Aim of the task: Give the listing back in full, exactly as written, with the pictures removed.

Dataset content:
-----
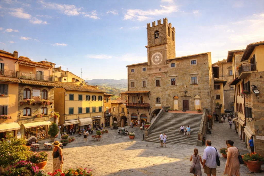 If you want a nearby excursion that shifts the day from major city monuments to a tighter, more “archaeological plus Renaissance” focus, Cortona is an excellent choice. The key stop is the MAEC, housed in Palazzo Casali, where the highlights include the Tabula Cortonensis and the celebrated bronze Lampadario etrusco, two objects that make Cortona’s Etruscan layer feel immediate rather than abstract. For painting, the Museo Diocesano is a genuinely high-level visit, with Beato Angelico’s Annunciation and works connected to Luca Signorelli and Bartolomeo della Gatta. Finish at the Fortezza del Girifalco for a panoramic walk and a different sense of the city’s stone geometry.
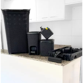 Jogo Rattan Cesto 50 litros + Lixeira 7L+Lixeira 5L+Escorredor Louça+Porta Detergente+Rodo Pia- TOY
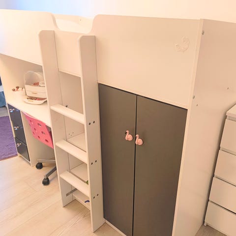 Praktisk og plassbesparende Swan Halvhøy seng med uttrekkbart skrivebord og god oppbevaringsplass. Perfekt løsning for barnerom eller rom med begrenset plass.
-----
Reply to the exercise:
 If you want a nearby excursion that shifts the day from major city monuments to a tighter, more “archaeological plus Renaissance” focus, Cortona is an excellent choice. The key stop is the MAEC, housed in Palazzo Casali, where the highlights include the Tabula Cortonensis and the celebrated bronze Lampadario etrusco, two objects that make Cortona’s Etruscan layer feel immediate rather than abstract. For painting, the Museo Diocesano is a genuinely high-level visit, with Beato Angelico’s Annunciation and works connected to Luca Signorelli and Bartolomeo della Gatta. Finish at the Fortezza del Girifalco for a panoramic walk and a different sense of the city’s stone geometry.
 Jogo Rattan Cesto 50 litros + Lixeira 7L+Lixeira 5L+Escorredor Louça+Porta Detergente+Rodo Pia- TOY
 Praktisk og plassbesparende Swan Halvhøy seng med uttrekkbart skrivebord og god oppbevaringsplass. Perfekt løsning for barnerom eller rom med begrenset plass.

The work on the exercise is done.